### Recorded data

- Opening Delimiter -

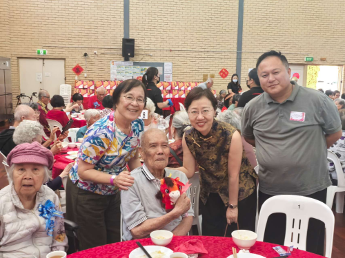 此次系中华社区服务中心第14届新春长者午宴,近六十名90高龄长者、多名百岁老人参加,现场氛围其乐融融,温馨喜庆。
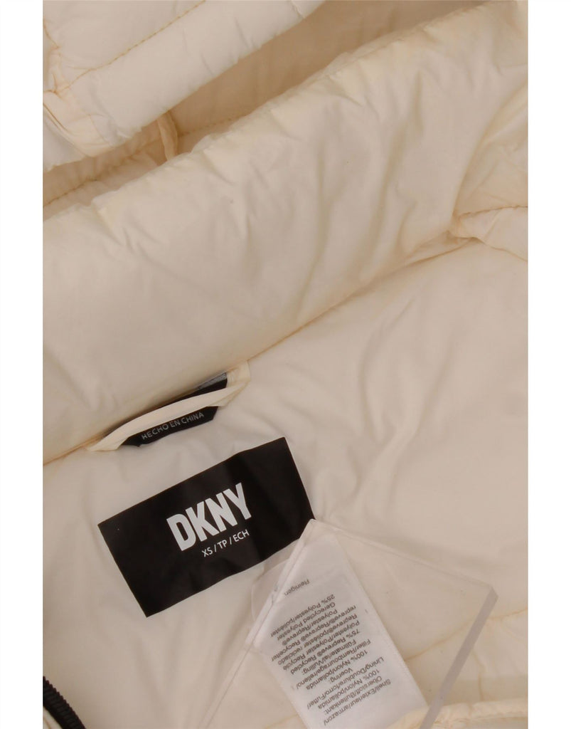 Damska wyściełana kurtka z kapturem i luźnym krojem DKNY UK 6 XS w kolorze złamanej bieli, nylon
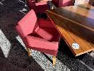 2 x COMO OTWAY GARNET COLOURED FABRIC DINING ARM CHAIRS
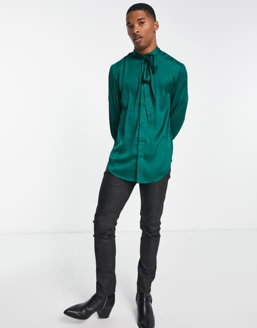 ASOS DESIGN satin shirt with tie neck and blouson volume sleeve in jewel green
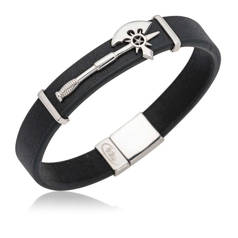 Gümüş Balta Figürlü Deri Erkek Bileklik
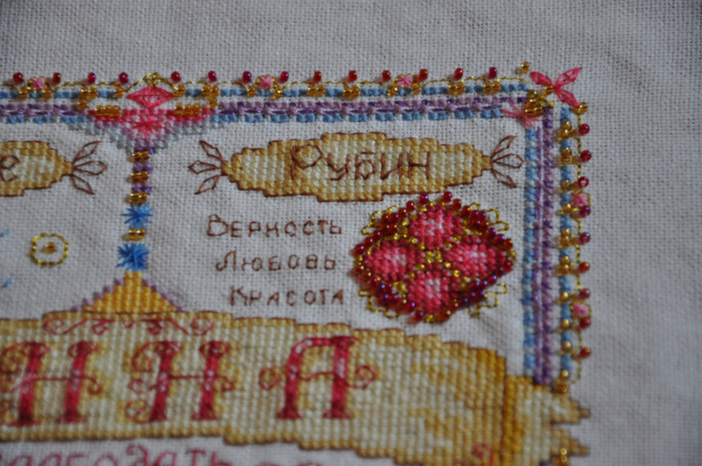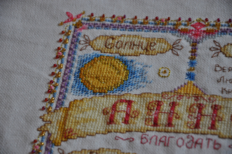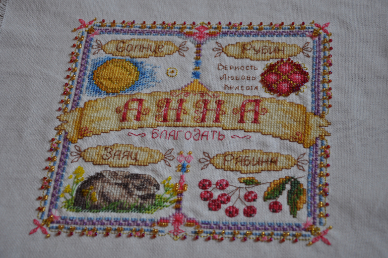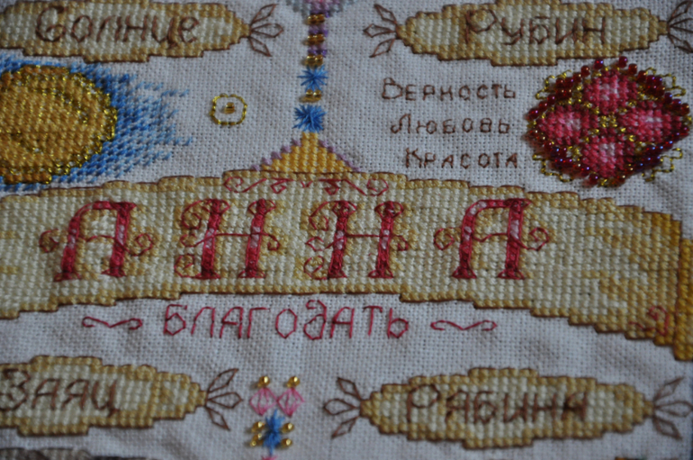 Вышила именной оберег для дочки. Фирма Панна. Еще не оформила.
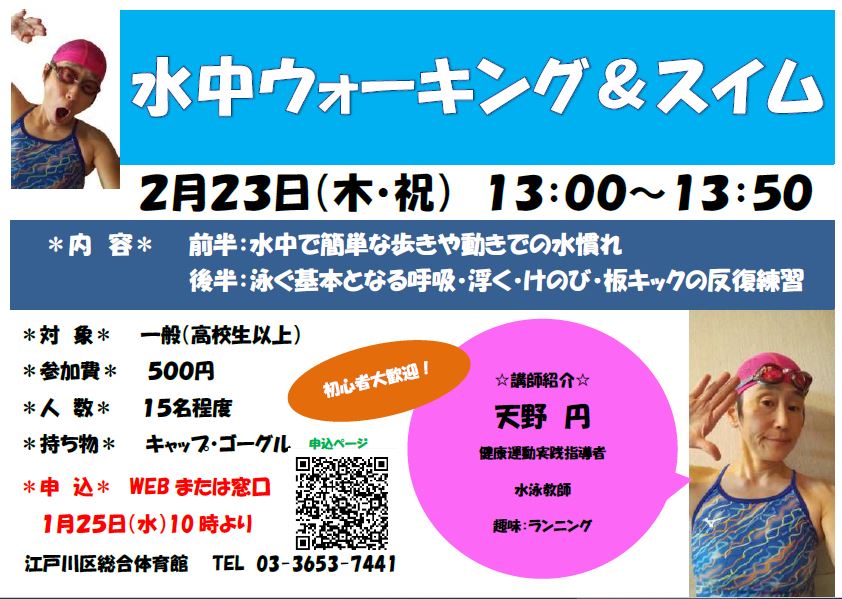 2月23日(木・祝)水泳教室「水中ウォーキング&スイム」開催!

- Closing Delimiter -

### To do
Reproduce, exactly and with no pictures, the lines from the line containing "Gümüş Balta Figürlü Deri Erkek Bileklik" through the closing line of the data above, keeping both ends.

### Task output
 Gümüş Balta Figürlü Deri Erkek Bileklik
 Вышила именной оберег для дочки. Фирма Панна. Еще не оформила.
 2月23日(木・祝)水泳教室「水中ウォーキング&スイム」開催!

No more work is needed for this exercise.